## EXTRACTED DATA:
--- START ---

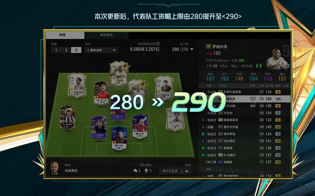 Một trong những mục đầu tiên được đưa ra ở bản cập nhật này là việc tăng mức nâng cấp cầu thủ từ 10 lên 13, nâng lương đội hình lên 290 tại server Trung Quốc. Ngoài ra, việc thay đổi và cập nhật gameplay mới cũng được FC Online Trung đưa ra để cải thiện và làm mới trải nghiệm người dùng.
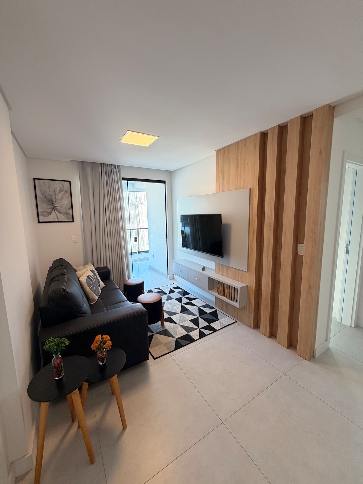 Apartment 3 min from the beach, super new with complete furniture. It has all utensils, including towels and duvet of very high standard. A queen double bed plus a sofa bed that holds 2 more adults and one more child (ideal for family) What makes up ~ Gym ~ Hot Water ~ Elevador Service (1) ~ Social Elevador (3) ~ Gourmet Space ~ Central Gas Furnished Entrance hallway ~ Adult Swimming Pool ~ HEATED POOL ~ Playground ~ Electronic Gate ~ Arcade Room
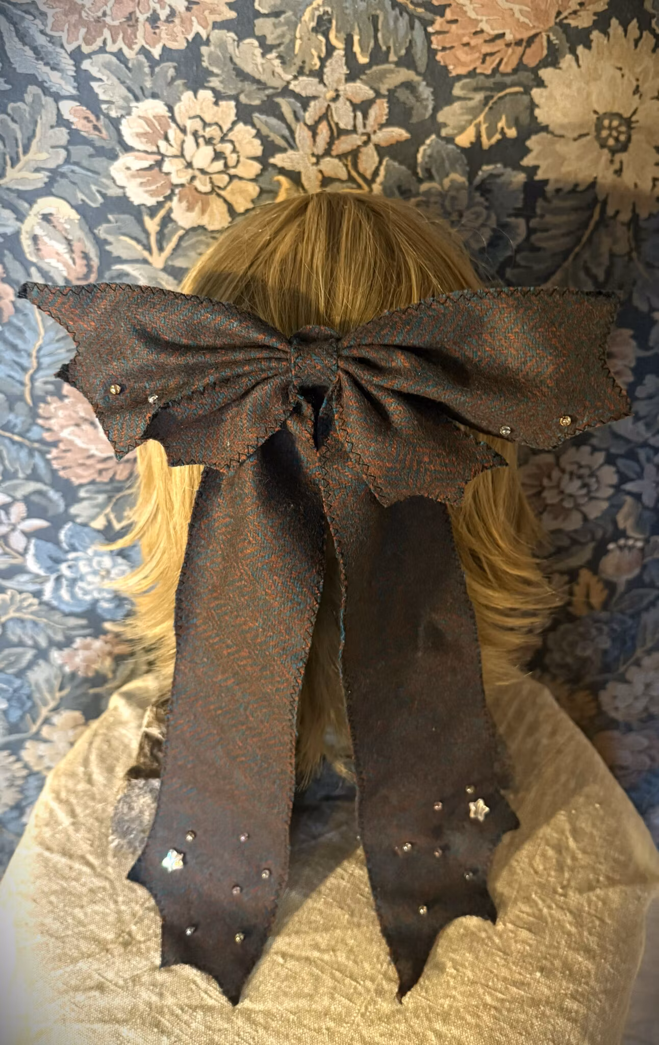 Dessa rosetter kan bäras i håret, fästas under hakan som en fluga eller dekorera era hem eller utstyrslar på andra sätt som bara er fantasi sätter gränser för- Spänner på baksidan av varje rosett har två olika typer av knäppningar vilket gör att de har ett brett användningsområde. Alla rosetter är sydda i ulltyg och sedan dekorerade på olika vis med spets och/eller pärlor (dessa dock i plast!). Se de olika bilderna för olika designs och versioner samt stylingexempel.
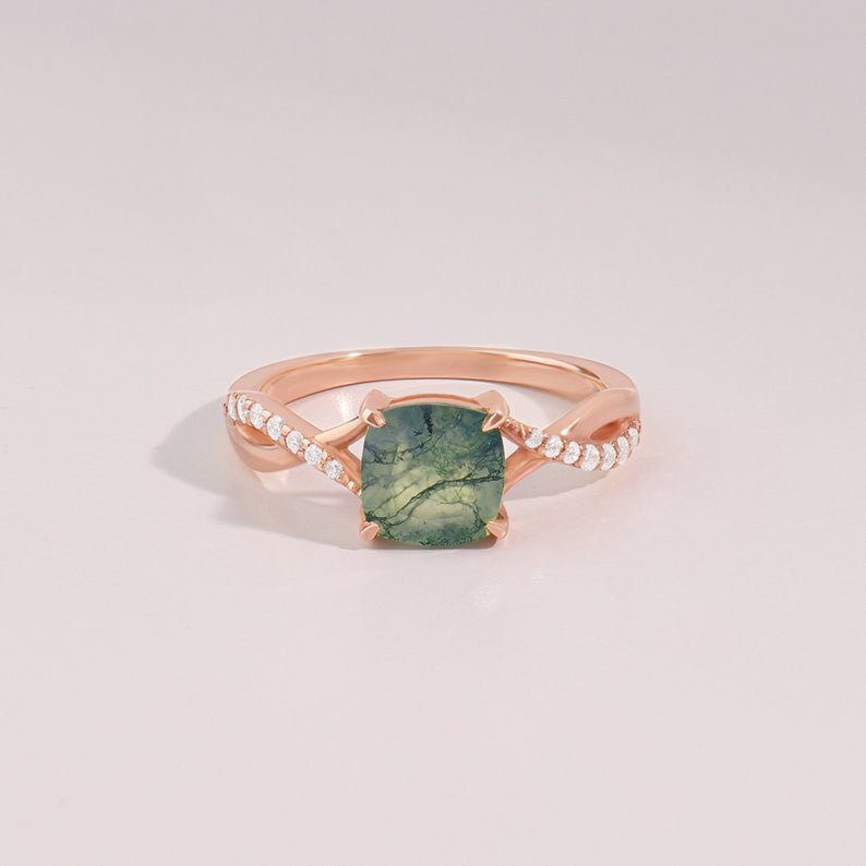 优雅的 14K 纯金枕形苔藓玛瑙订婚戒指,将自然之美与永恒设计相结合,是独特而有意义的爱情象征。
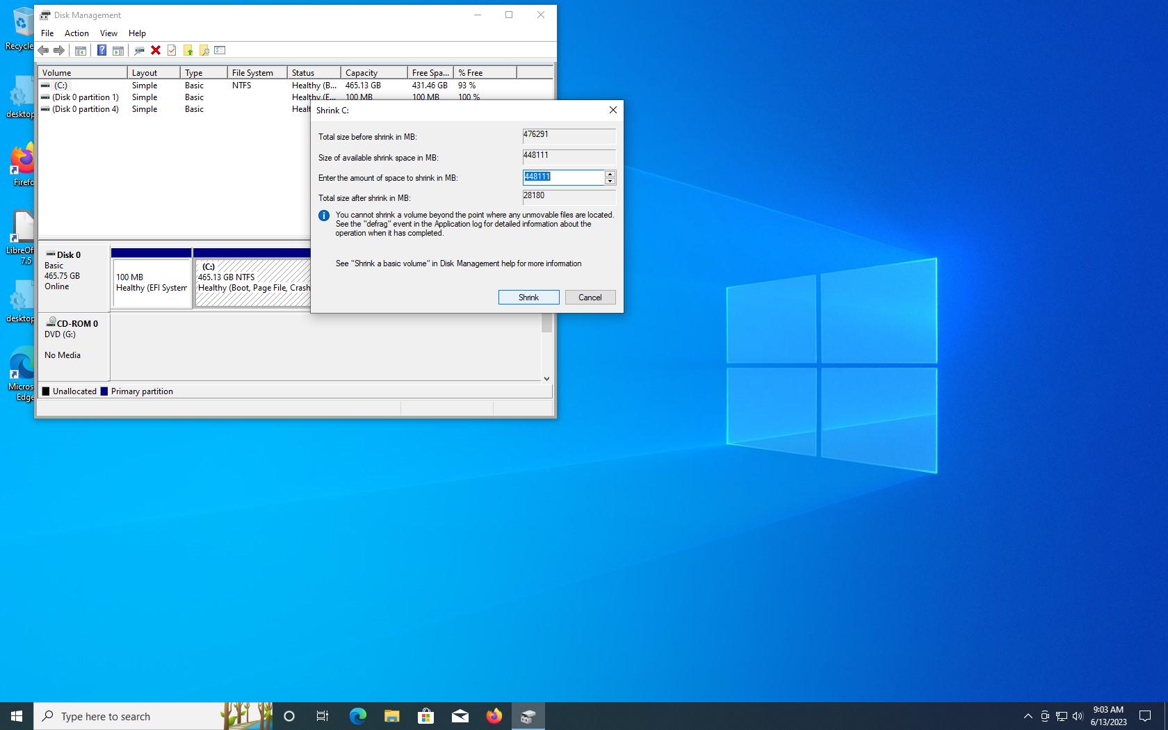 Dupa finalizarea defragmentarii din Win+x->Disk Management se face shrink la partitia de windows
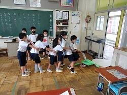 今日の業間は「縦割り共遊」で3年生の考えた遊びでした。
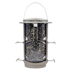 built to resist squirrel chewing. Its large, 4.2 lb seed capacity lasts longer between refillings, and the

--- END ---
--- START ---

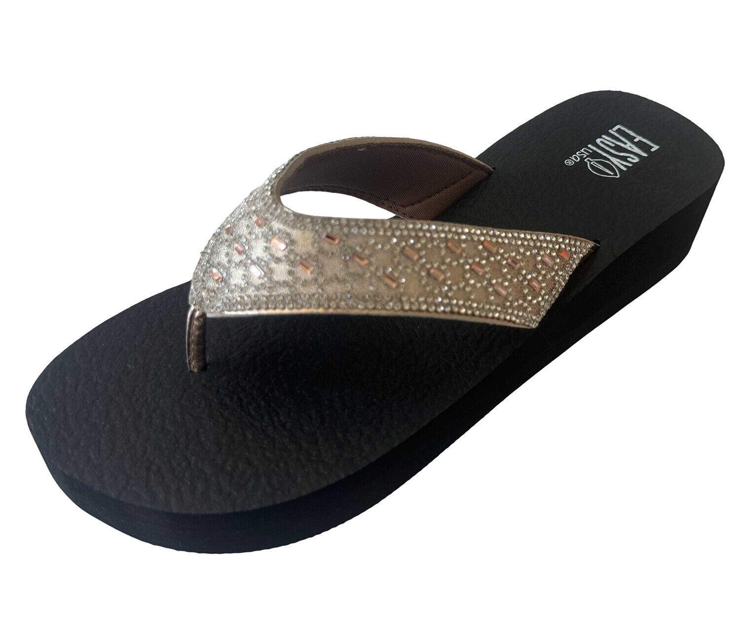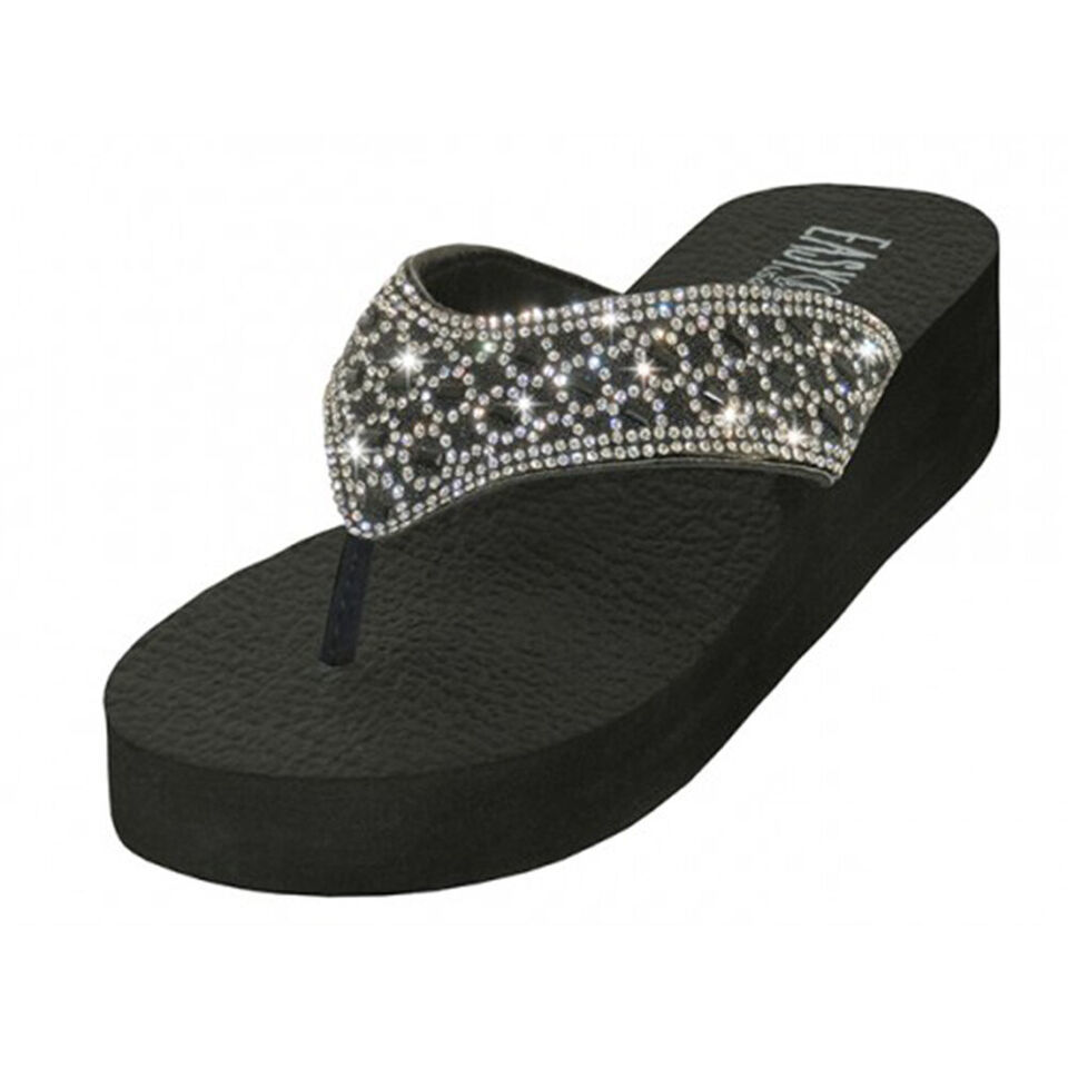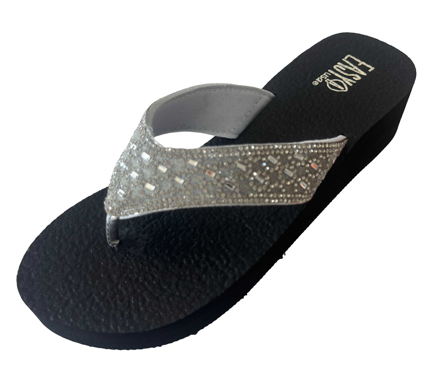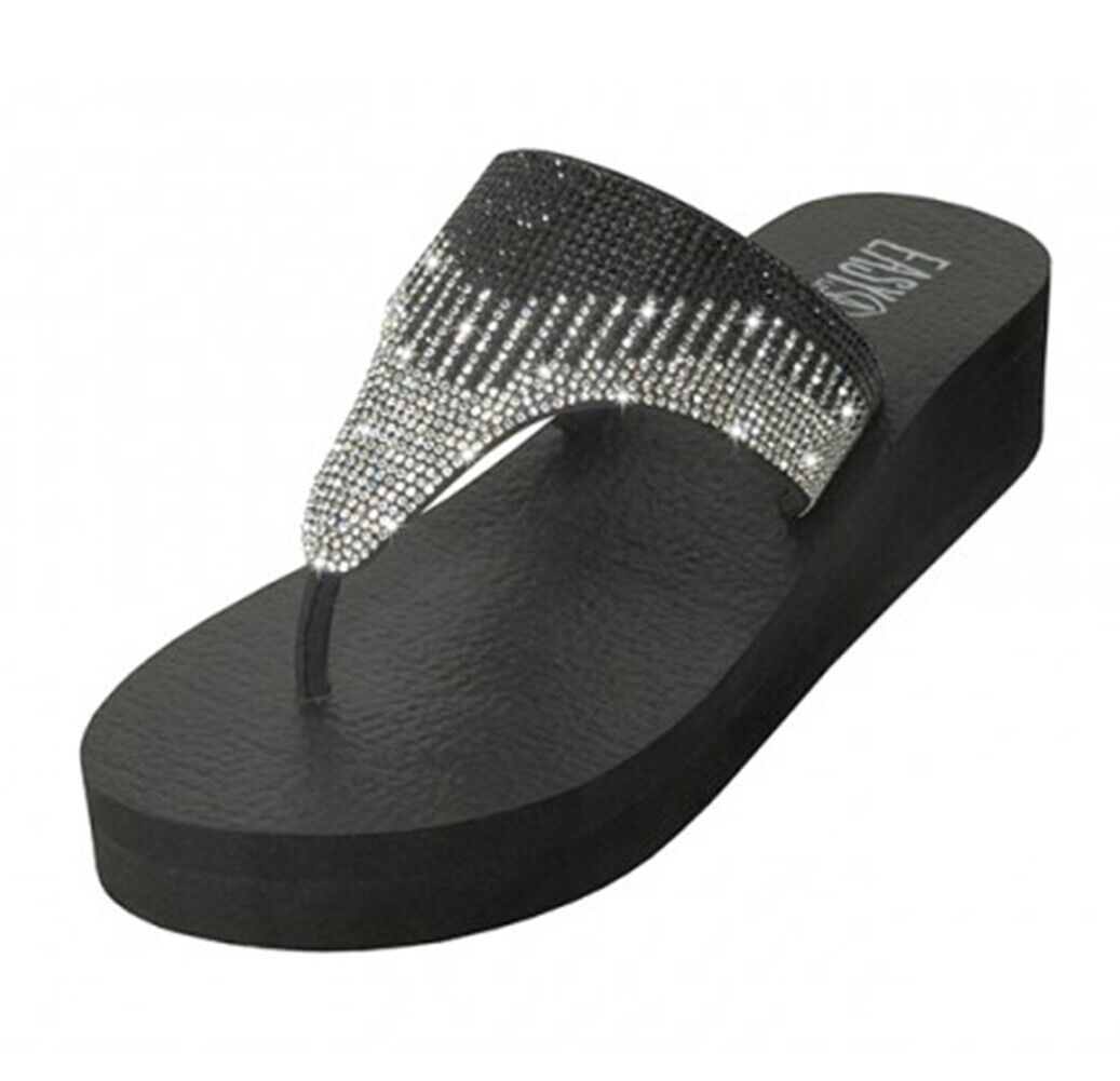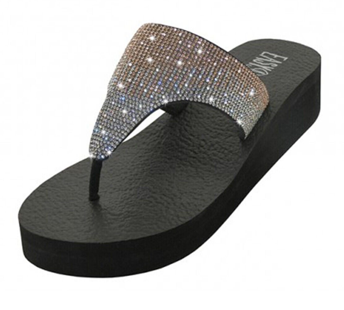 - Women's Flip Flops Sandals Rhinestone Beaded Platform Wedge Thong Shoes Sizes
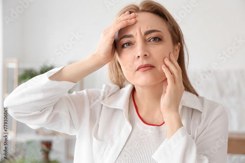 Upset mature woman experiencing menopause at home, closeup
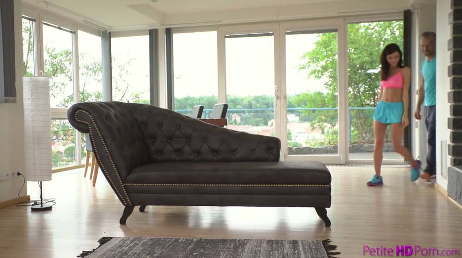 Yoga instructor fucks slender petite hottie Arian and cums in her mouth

--- END ---
--- START ---

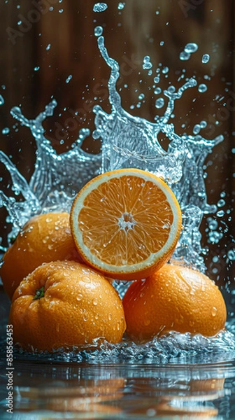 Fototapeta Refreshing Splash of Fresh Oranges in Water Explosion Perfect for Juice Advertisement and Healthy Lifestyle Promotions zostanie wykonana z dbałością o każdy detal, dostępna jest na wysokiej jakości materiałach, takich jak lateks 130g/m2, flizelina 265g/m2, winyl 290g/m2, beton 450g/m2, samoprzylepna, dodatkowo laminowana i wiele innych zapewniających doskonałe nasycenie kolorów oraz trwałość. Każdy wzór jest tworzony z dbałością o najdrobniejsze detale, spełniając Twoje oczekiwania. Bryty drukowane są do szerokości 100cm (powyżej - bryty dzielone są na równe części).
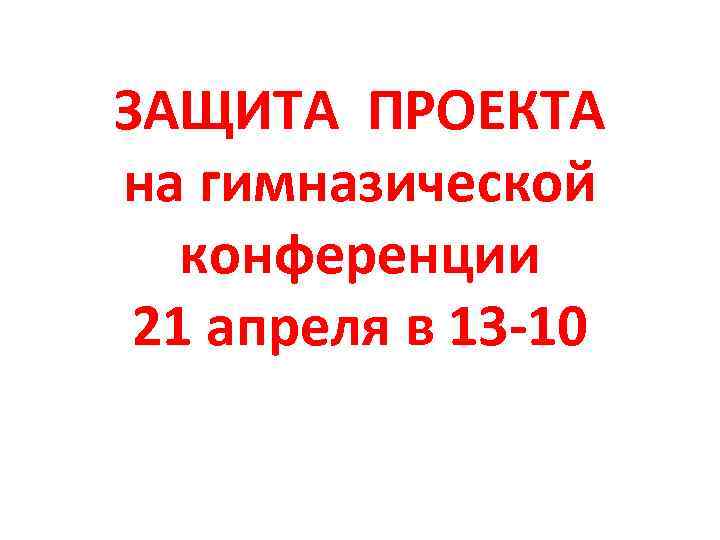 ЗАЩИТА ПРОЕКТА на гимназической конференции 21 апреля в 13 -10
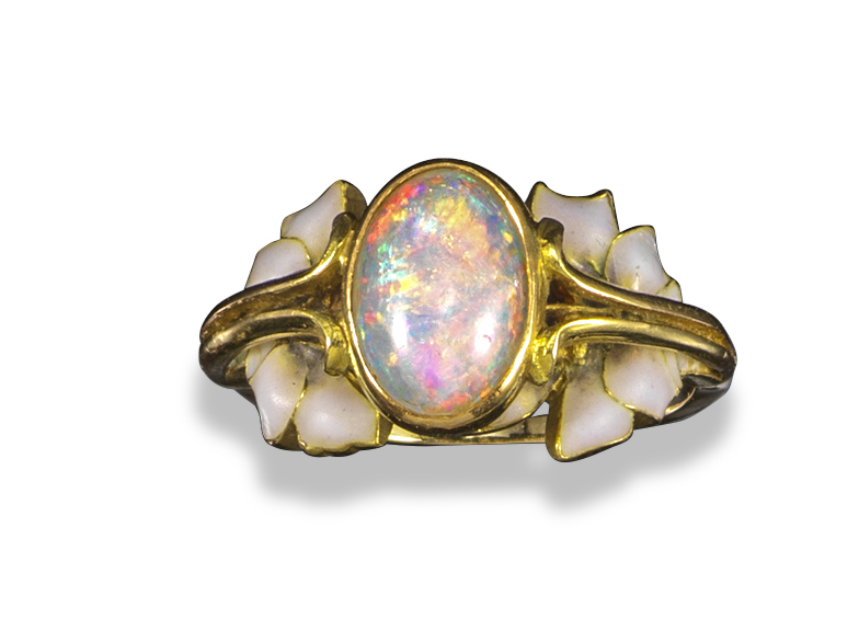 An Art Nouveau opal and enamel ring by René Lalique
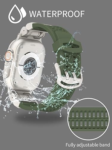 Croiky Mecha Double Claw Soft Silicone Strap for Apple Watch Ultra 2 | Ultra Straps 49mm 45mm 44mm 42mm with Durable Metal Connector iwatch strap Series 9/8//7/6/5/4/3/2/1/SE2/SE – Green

--- END ---

## ASSIGNED TASK:
Look above for the line holding "Upset mature woman" and output everything from it down to the line holding "Yoga instructor fucks", both ends included, exactly and without images.

## EXPECTED OUTPUT:
 Upset mature woman experiencing menopause at home, closeup
 Yoga instructor fucks slender petite hottie Arian and cums in her mouth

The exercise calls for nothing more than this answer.